Keras: rebuild to connect lstm and conv

This question exists as a github issue . I would like to build a neural network in Keras, which contains both 2D convolutions and the LSTM layer.

The network must classify MNIST. The training data in MNIST is 60,000 images with a gray scale from handwritten digits from 0 to 9. Each image has a size of 28x28 pixels.

I divided the images into four parts (left / right, up / down) and rearranged them in four orders to get sequences for LSTM.

| | |1 | 2| |image| -> ------- -> 4 sequences: |1|2|3|4|, |4|3|2|1|, |1|3|2|4|, |4|2|3|1| | | |3 | 4| 

One of the small sub-images has a size of 14 x 14. Four sequences are stacked together in width (it does not matter whether the width or height).

This creates a vector with the shape [60000, 4, 1, 56, 14], where:

  • 60,000 - number of samples
  • 4 - the number of elements in the sequence (the number of time stamps)
  • 1 - color depth (shades of gray)
  • 56 and 14 - width and height

Now this should be given to the Keras model. The problem is resizing input between CNN and LSTM. I searched the web and found this question: Python keras, how to resize input after convolution layer to lstm layer

The solution is similar to a Reshape layer, which aligns the image, but retains timestamps (unlike the Flatten layer, which destroys everything except batch_size).

Here is my code:

 nb_filters=32 kernel_size=(3,3) pool_size=(2,2) nb_classes=10 batch_size=64 model=Sequential() model.add(Convolution2D(nb_filters, kernel_size[0], kernel_size[1], border_mode="valid", input_shape=[1,56,14])) model.add(Activation("relu")) model.add(Convolution2D(nb_filters, kernel_size[0], kernel_size[1])) model.add(Activation("relu")) model.add(MaxPooling2D(pool_size=pool_size)) model.add(Reshape((56*14,))) model.add(Dropout(0.25)) model.add(LSTM(5)) model.add(Dense(50)) model.add(Dense(nb_classes)) model.add(Activation("softmax")) 

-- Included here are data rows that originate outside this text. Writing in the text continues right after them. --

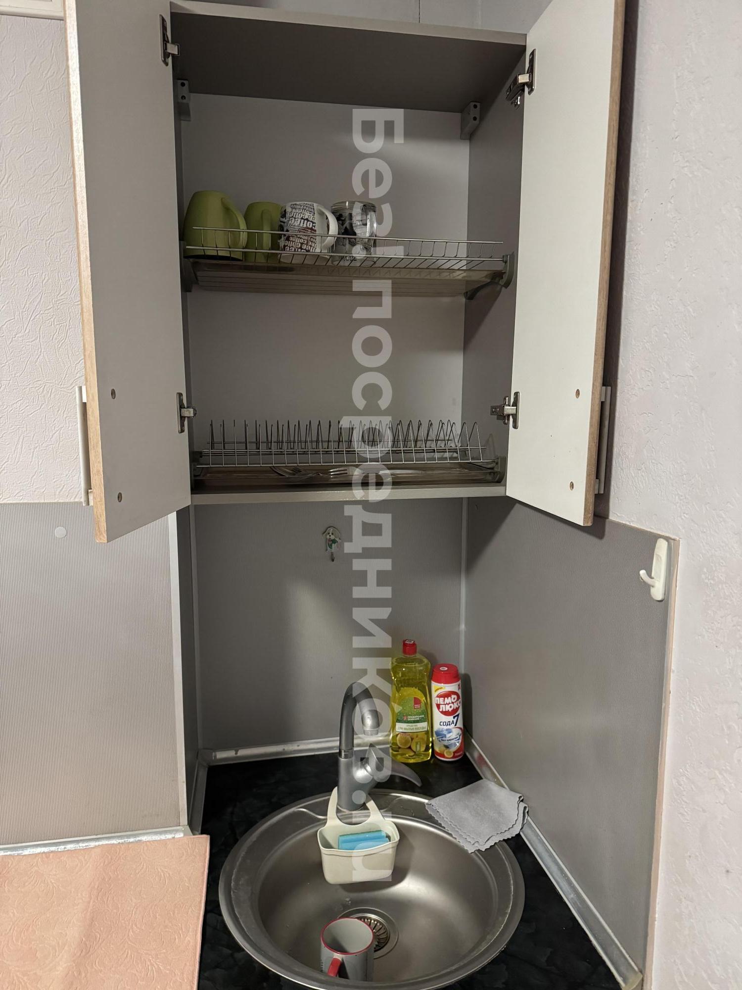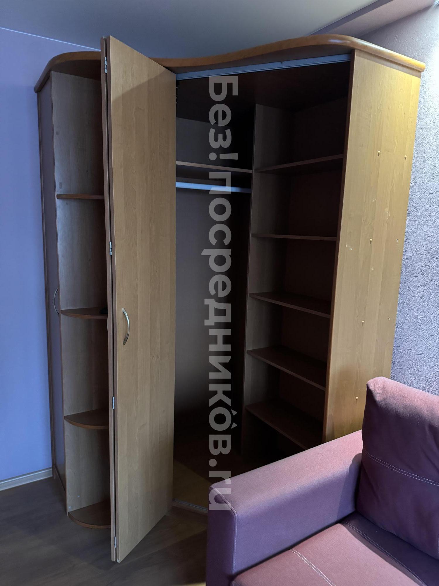 В квартире есть два дивана, большой угловой шкаф, телевизор, холодильник, стиральная машинка, духовая плита, чайник.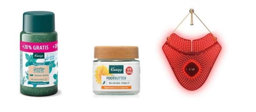 Sůl do koupele Goodbye stress, 600 g, 199 Kč, Kneipp, Máslo pro péči o chodidla, 100 ml, 189 Kč, Kneipp, Maska proti stárnutí krku a dekoltu FAQ 211, 10 690 Kč, FOREO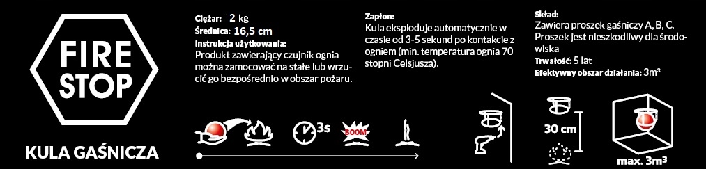 Огонь является мощным элементом, почти непреодолимым и очень трудным для обнятия - он очень быстро распространяется, в сторону и освещает все, что он встречается на своем пути, включая различные типы материалов (дерево, пластик, бумага, а также легковоспламеняющиеся материалы). Огонь часто погашает, ограничивая его распространение, а затем интенсивно умирает. Также используйте иначе, чем просто прикрепив его на стене или потолка. Вы можете иметь это с вами, например, в машине. Мяч можно бросить или трахать в огонь, который является источником, например, Тлеющие кабели, электрическое короткое замыкание или воспаление автомобильного двигателя в автомобиле.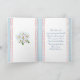 Smär brud i vit klänning med ömtligt slöja med prästkragar och hållande en bukett blommor.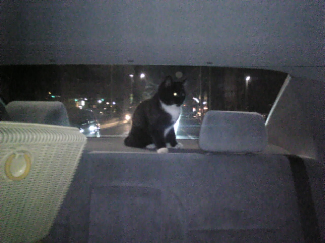 黒白猫 サブ 車の後部 目が光っている Image181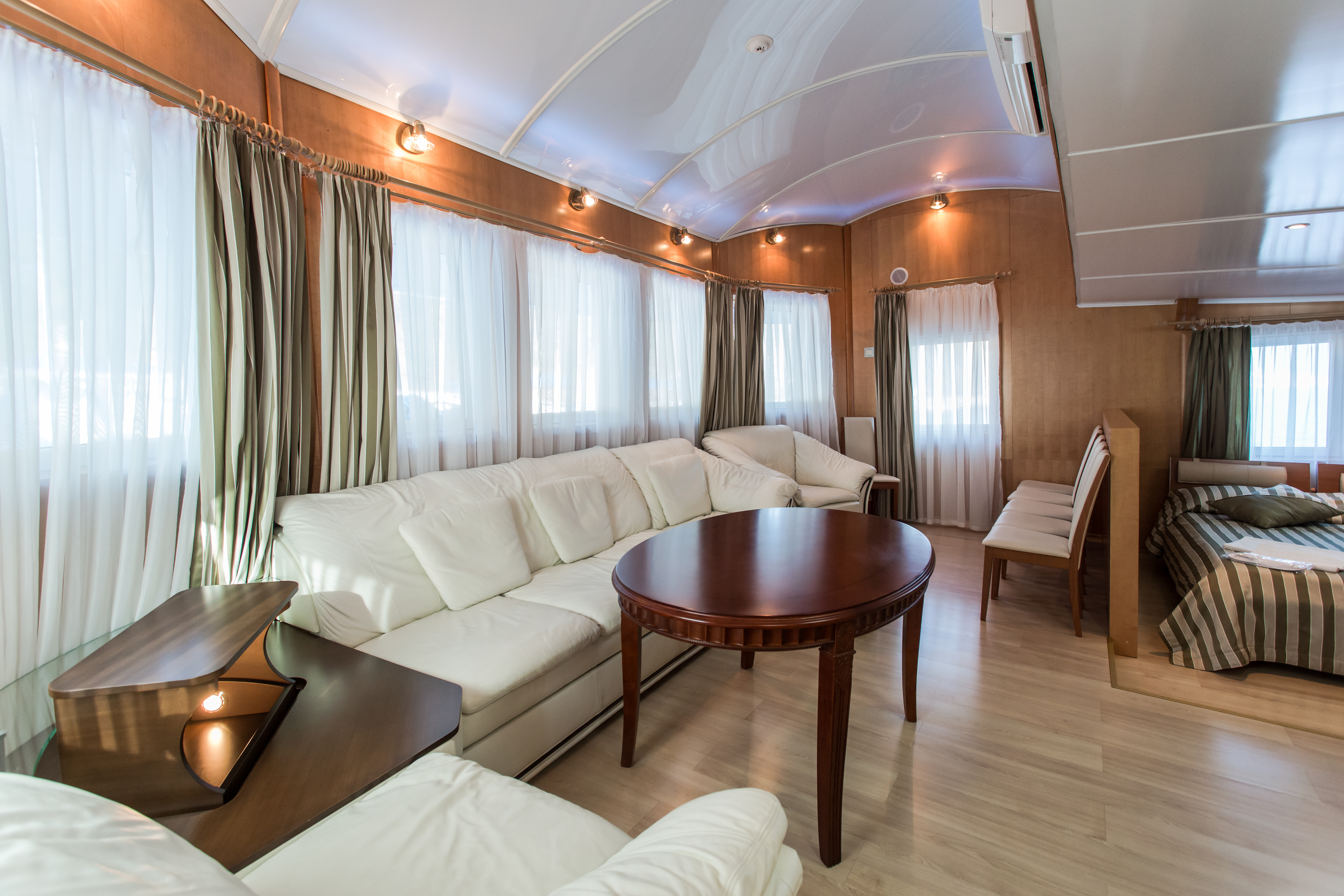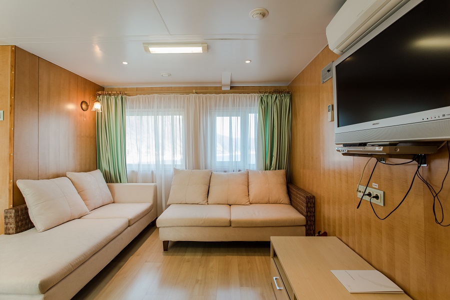 | Главная палуба | Люкс (главная палуба) К категории Люкс относится каюта: 301.Двухместная каюта повышенной комфортности со всеми удобствами, расположенная на главной палубе.Площадь каюты ≈ 31 м². Размер кроватей – 160х200 см. Возможно размещение третьего человека на дополнительном спальном месте – диван. В каюте: двуспальная кровать, прикроватные тумбочки, прикроватные светильники, шкаф для одежды, угловой диван, два кресла, большой круглый стол, стулья, тумба под ТВ, телевизор, журнальный столик, DVD, ванная комната (джакузи, раковина, туалет), фен, розетки 220V телефон (звонки по теплоходу), обогреватель, кондиционер, мини-бар, обзорные окна. | 2-местное размещение | нет |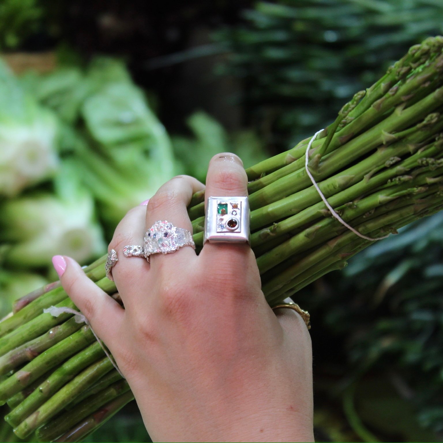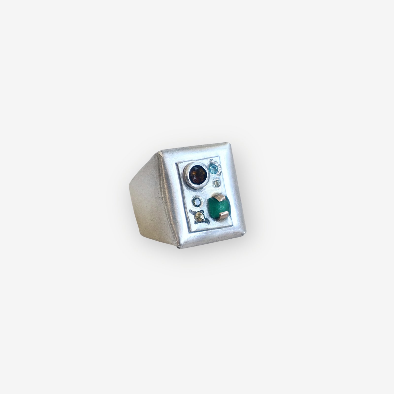 טבעת קופסא מלבנית, כסף 925, משובצת באבני חן צבעוניות ושונות. טורמלין בצבע ירוק זית 5 מ״מ אבן אמרלד ירוקה מרובעת 5 מ״מ ספיר צהוב 2 מ״מ אקווה מרין תכלת 2 מ״מ טורמלין ירוק זית 2 מ״מ טורמלין ירוק בהיר 1.5 מ״מ

This code generates an error message:

ValueError: the total size of the new array must be unchanged

Apparently, the entrance to the Reshape layer is incorrect. As an alternative, I also tried passing timestamps to the Reshape layer:

 model.add(Reshape((4,56*14))) 

This does not seem correct, and in any case, the error remains the same.

Am I doing it right? Is Reshape a suitable tool for connecting CNN and LSTM?

There are quite complex approaches to this problem. For example: https://github.com/fchollet/keras/pull/1456 TimeDistributed Layer, which seems to hide the timestep dimension from the following layers.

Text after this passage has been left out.